----- Study material
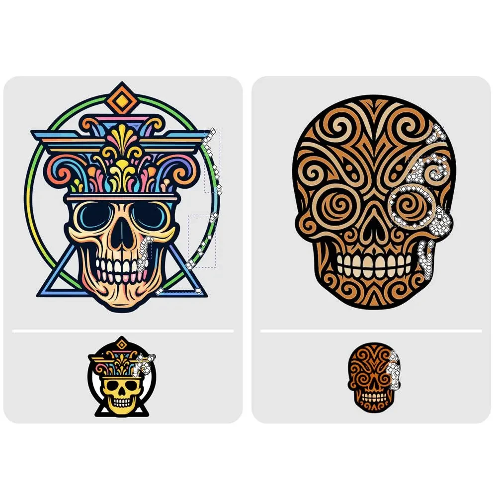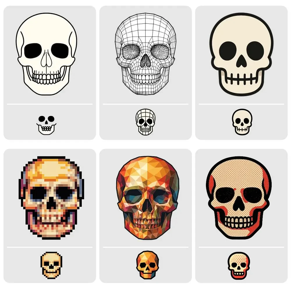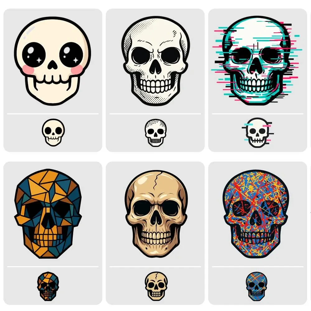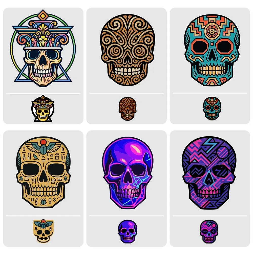 This collection includes 70 unique skull designs, each crafted in a different retro-illustration vector style — from geometric and pop-art to sugar skulls, vaporwave, and cyber glitch.
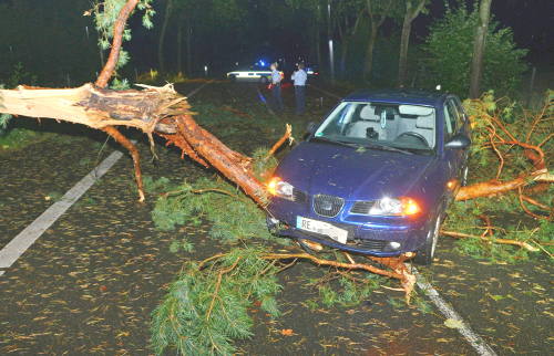 Nach bisherigen Erkenntnissen wurden Menschen nicht verletzt. Allerdings gab es erhebliche Sachschäden. So wurde zum Beispiel auf dem Marler Damm ein fahrendes Fahrzeug von einem Baum getroffen. Der 37-jährige Fahrer aus Marl kam mit dem Schrecken davon. Neben dem Marler Damm musste auch die B 58 (Weseler Straße) zwischen Wulfen und Deuten voll gesperrt werden. Hier waren mehrere Baumkronen aus teilweise massiven Bäumen herausgebrochen und blockierten oder gefährdeten den Verkehr. Foto: Bludau
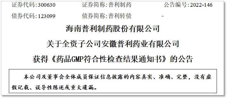 海南普利制藥股份有限公司(以下簡稱“公司”)全資子公司安徽普利藥業(yè)有限公司(以下簡稱“安徽普利”)于近日收到安徽省藥品審評查驗中心頒發(fā)的《藥品GMP符合性檢查結(jié)果通知書》,所涉產(chǎn)品為:原料藥(氫氧化鎂)。
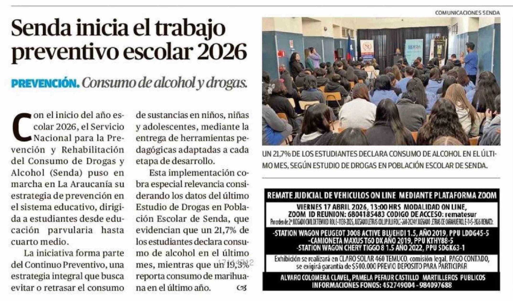 Fecha: 16-04-2026 Sector: Noticia general Región: Región de la Araucanía
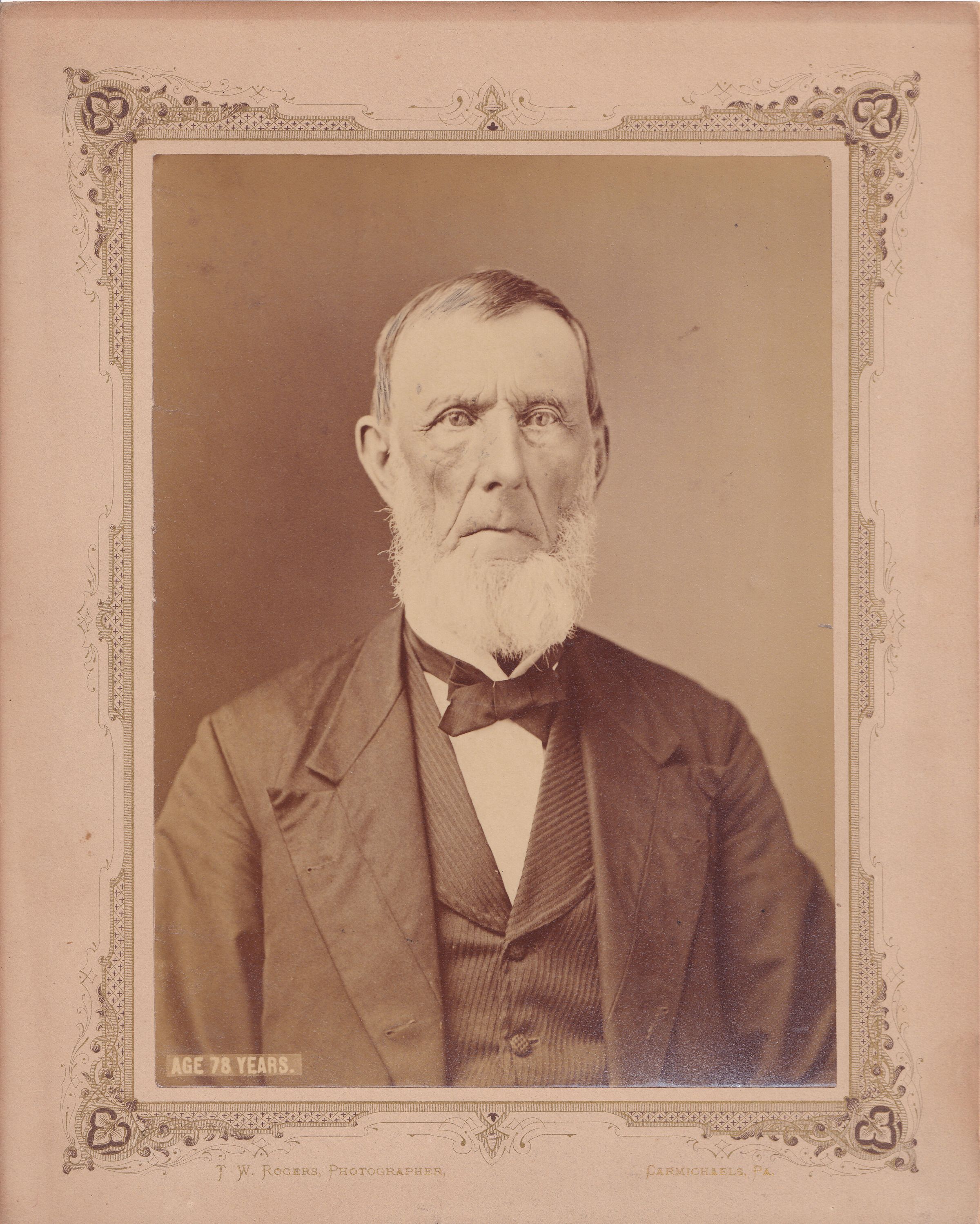 SOURCE CITATION: Ammons-Acklin Album, Loose in album - Benjamin Covert [1799-1890], age 78 years; circa 1877, image by T. W. Rogers, Photographer, Carmichaels, Pa.; item no. MORE-AN005-0008, Ammons-Moredock Collection, Greene Connections Archives Project (www.GreeneConnections.com).
----------
▸ Instructions to follow
Only the lines between the one containing "Fecha: 16-04-2026 Sector: Noticia" and the last line of the listing above, both included, should be written out, exactly and without pictures.

▸ Written answer
 Fecha: 16-04-2026 Sector: Noticia general Región: Región de la Araucanía
 SOURCE CITATION: Ammons-Acklin Album, Loose in album - Benjamin Covert [1799-1890], age 78 years; circa 1877, image by T. W. Rogers, Photographer, Carmichaels, Pa.; item no. MORE-AN005-0008, Ammons-Moredock Collection, Greene Connections Archives Project (www.GreeneConnections.com).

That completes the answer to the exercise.